In early 2006, the 1st and 2nd seasons were released on DVD in Australia (region 4). Series 1 was also released in the US (region 1). South Africa was the only country to release the third and final series 3 on DVD in 2007.

Each episode on the DVDs has bonus features. The main feature is that each episode has a longer running time than when it was shown on TV. All the episodes have longer interviews with police, family or friends of the victim or victims, and even interviews with family or friends of the killer or killers.

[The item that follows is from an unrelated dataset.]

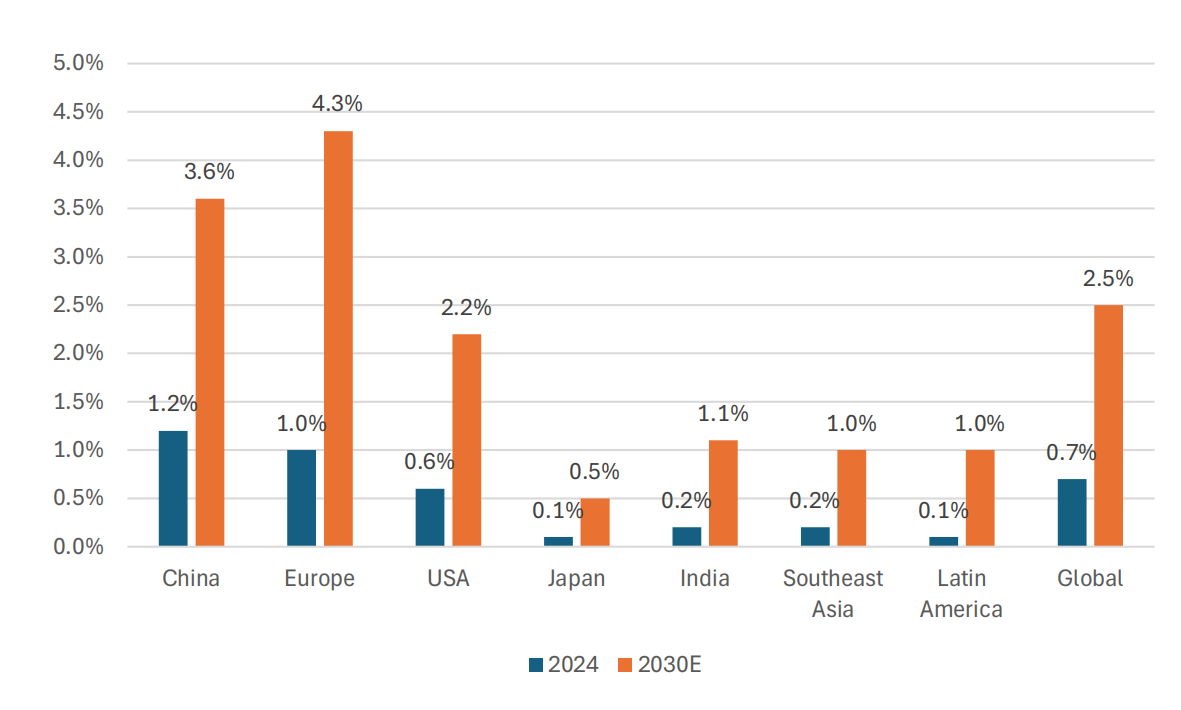 个中缘由,高盛的报告提及一个关键因素。全球纯电动汽车(BEV)的电力消耗量预计将从2024年的0.7%增长至2030年的2.5%。即便新售纯电动汽车数量趋于平稳,实际在用纯电动汽车数量仍保持着两位数的高速增长。

There are also more video clips and photos shown of the crime scene.

=== DVD releases ===

| DVD title | Format | Ep # | Discs | Region 1 (USA) | Region 2 (UK) | Region 4 (Australia) | Special features | Distributors |
|---|---|---|---|---|---|---|---|---|
| Forensic Investigators Season 01 | DVD | 06 | 3 | 5 September 2006 | N/A | 8 May 2006 | None | Destra Entertainment |
| Forensic Investigators Season 02 | DVD | 12 | 3 | N/A | N/A | 8 May 2006 | None | Destra Entertainment |
| Forensic Investigators Season 03 | DVD | 11 | 4 | N/A | South Africa (2007) | N/A | None |  |

=== Online streaming===
All seasons of Forensic Investigators are currently streaming on Amazon Prime and 7plus.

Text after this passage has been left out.